注: この環境では、ユーザはディレクトリ統合を実行する前に Cisco Unified Communications Manager に登録されています。
同期が行われると、このユーザは [Delete Pending ] 状態になります。
毎晩午前 3 時 15 分に、Garbage Collector サービスという内部プロセスが実行されます。 このプロセスは、24 時間以上経過した [Inactive] ~ [Delete Pending] 状態のアカウントがあれば、完全に削除します。 Cisco Unified Communications Manager は Active Directory パスワードの同期を行いません。 Cisco Unified Communications Manager は Microsoft Active Directory の暗号化メカニズムを認識していません。 同期を行う代わりに、Cisco Unified Communications Manager 5.0 ではデフォルト パスワード ciscocisco およびデフォルト PIN 12345 が割り当てられます。
Cisco Unified Communications Manager 6.0 以降では、デフォルトのクレデンシャル ポリシー メカニズムが使用されます。 これは、[CCMAdmin] ページから次のようにアクティブ化できます。 [User Management] > [Credential Policy Default]

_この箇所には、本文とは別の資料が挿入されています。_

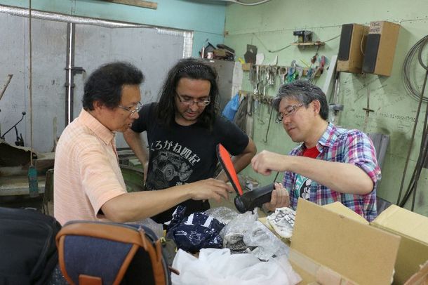 ロシア人技術者に、日本製の当時モノの腕木式方向器を寄贈した際の様子。(くろがね四起のTシャツを着ているのが、チーフメカニックのM氏)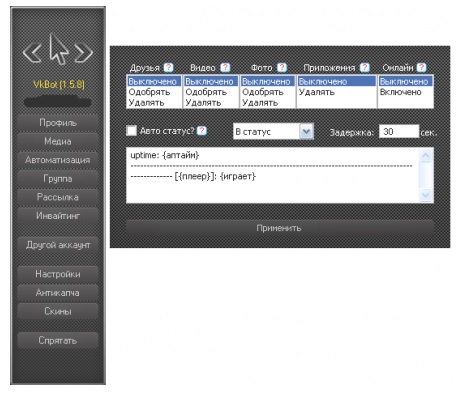 • Автоматизация. Программа VKbot способна в автоматическом режиме менять ваш статус по заданным ранее параметрам, принимать или удалять приглашения, отметки на фото и видео;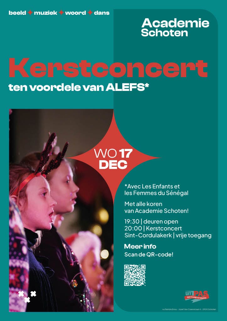 Kerstconcert ten voordele van ALEFS (Avec Les Enfents et les Femmes du Sénégal). Met alle koren van de Academie Schoten!

クレデンシャル ポリシーによって、他のパスワード ポリシーと同様にデフォルト パスワードを設定できます。 AD から同期されているすべてのユーザは、パスワードのこのテンプレートを読み込みます。
同じことが Cisco Unified Communications Manager 6.0 以降の PIN にも当てはまります。
つまり、Cisco Unified Communications Manager が AD と統合(ディレクトリ統合)されてもディレクトリ認証がイネーブルにされていない(認証メカニズムについては後ほど説明します)場合は、同期されたすべてのエンド ユーザはローカルで、つまり、Cisco Unified Communications Manager の Informix データベースに対して認証されます。
ローカルで認証できるため、Cisco Unified Communications Manager 自体のユーザのパスワードを変更できます。
注: ディレクトリ認証を同様に使用する場合には、これは当てはまりません。
ディレクトリ認証はディレクトリ同期の上位にインストールされているので、ディレクトリ認証を実行するには、ディレクトリ統合が前提条件です。 基本的な概念は同じですが、唯一の違いは、ユーザが外部ディレクトリに対して認証され、Cisco Unified Communications Manager の Informix データベースに対して認証されなくなることです。 つまり、すべてのエンド ユーザの認証の試行(たとえば、[ccmuser] ページなどにアクセスするため)は AD にリダイレクトされます。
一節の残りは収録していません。